Responding to the requirement of a single front entrance, the need for a large volume of space on the first floor and concerns over the building’s potential bulk, Harkness and TAC discarded the idea of incorporating Coram into any design. Instead, TAC suggested a terrace between  Coram and the new building. Beneath the terrace, 30,000 square feet of floor space, including basement space under Coram, would reduce visible, above-ground bulk and “allow [the library] to spring in graceful lines from the terrace” toward Alumni Gymnasium, said Reynolds. The terrace, one story above campus walkways and nearby building entrances, would create new sight lines toward Hedge, Carnegie, Dana Chemistry and other buildings.
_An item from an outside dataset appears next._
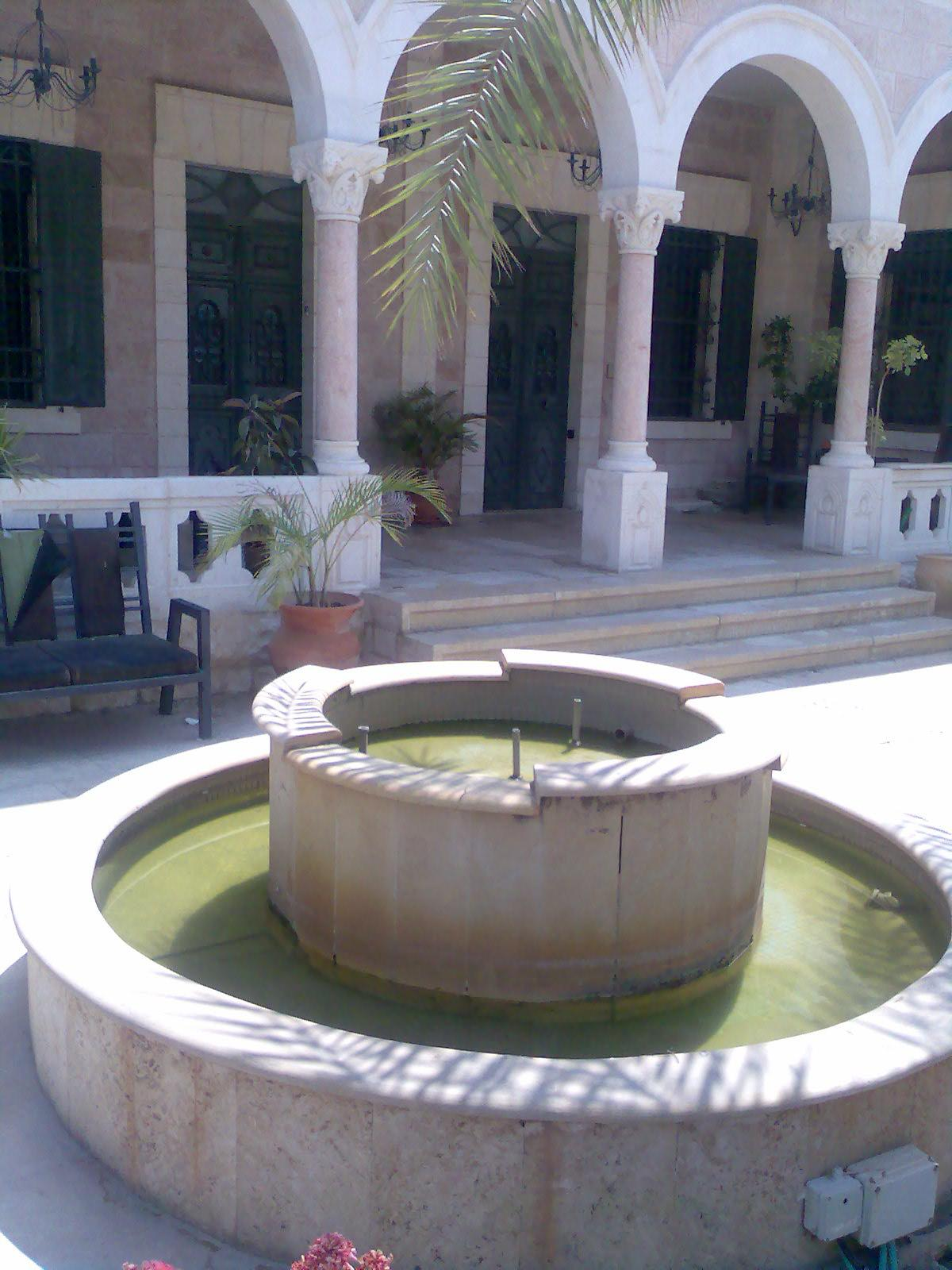 el-Aref's old villa, BeerSheba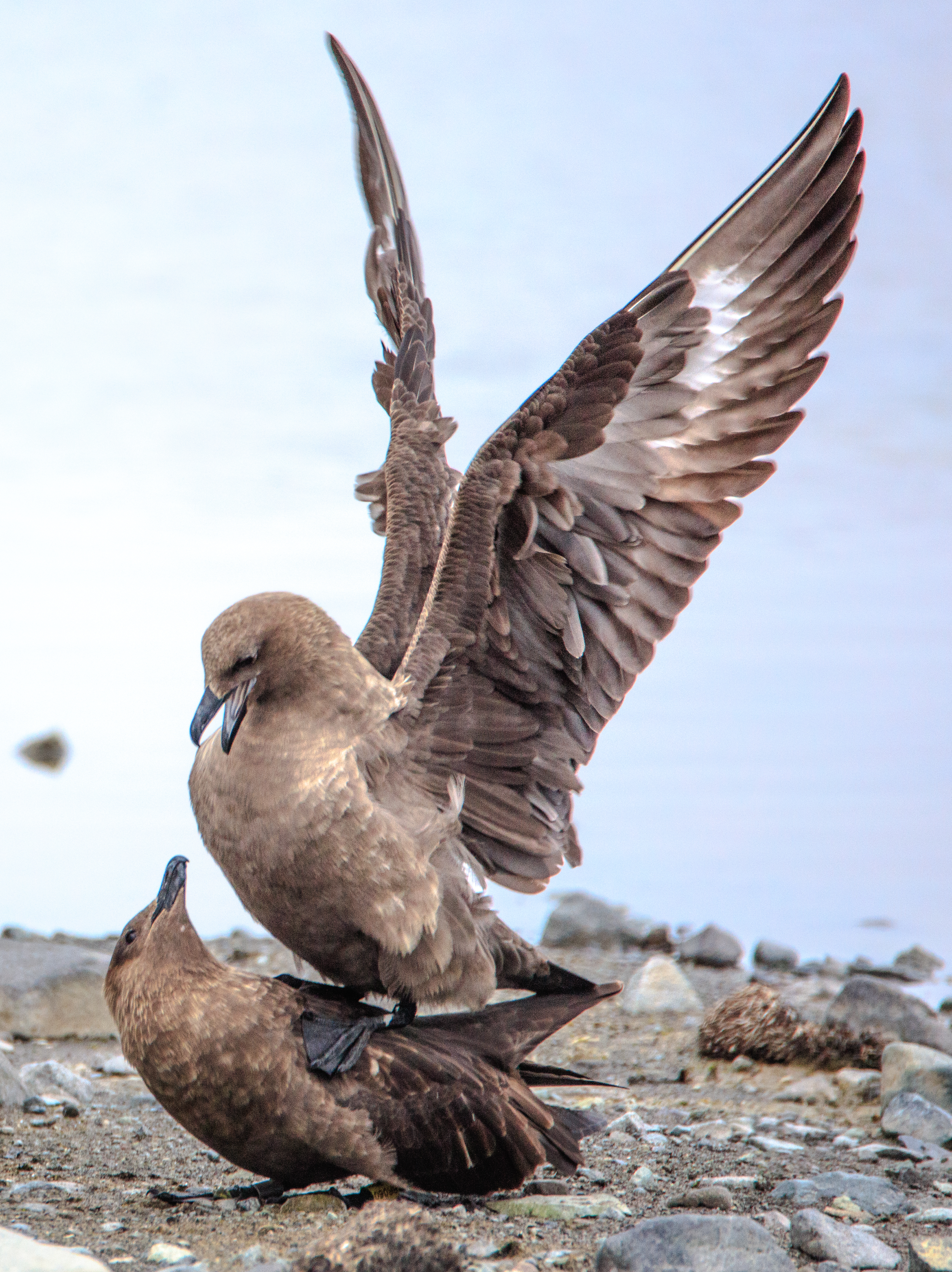 Brown Skua Catharacta antarctica, Turret Point on the S shore of King George Island, Antarctic Peninsula. Elaborate courtship & mating rituals.

TAC associate-in-charge Jim Burlage developed the idea of the underpass and, below, an arcade. “The unique idea of students going through and under the building as the very center of campus activity was persuasive,” Reynolds noted.

TAC would report that “our yearning for spatial interest led to designing the pitched roof, giving a feeling of changes in height and space.” The pitched roof ensured that the front of the building remained in scale with Coram, while the large, glassy rear facade is compatible with Alumni Gym, the Gray Athletic Building and Chase.

Other challenges arose. An underground stream had to be contained and the College had to ask the city to give up the portion of Bardwell Street that ran through the site. Trustees fretted over the library’s physical relation to the athletic buildings (was it too tall?). During construction, the building was criticized as being a “parking garage” or a “city structure,” epithets used in The Bates Student..

Yet, as Reynolds noted, “the building’s functional perfection carried the day.” The Maine Arts and Humanities Commission would cite the building’s bold design and commend Bates for departing from its “conventional” past. A glowing review in Architectural Record followed in 1974. Two years later, Harkness’ design was recognized by the American Institute of Architects / American Library Association, a major honor.

More than three decades later, the library, says Isaacson, is still a “helluva building.” Various interior renovations in recent years, Wiemers says, “proof that a 1970s building can remain vital and contemporary, yet true to its origins.”

Particularly at night, Isaacson says, the building offers a dramatic sight when viewed from the athletic buildings. The “high, spire-like form” seen as one enters from Campus Avenue is “very dramatic, very inspirational.” The interior “speaks of the enthusiasm of American modernism,” he adds. “You feel that impulse, that push, when you enter. Inside, it’s a triumph.”

Yet though the “coy” entrance off the plaza adds drama to the height within, it is the building’s major “aesthetic shortcoming,” says Isaacson. Lacking a grand entrance and having all approaches by stair or inclined walkway has proven to be “awkward.” Quips Wiemers: “We still wish people could find the front door.”

The terrace, too, though it solves one problem creates “an equivocal space” that seems “suspended above an otherwise flat campus.” And while functional, the terrace, underpass and arcade reflect something of a “Boston aesthetic.”

Though in September 1973 some library work still remained, such as finishing the interior and completing the ground floor, The Student noted that campus quips had given way to anticipation of a better library. “Yes,” the story concluded. “We are ready.”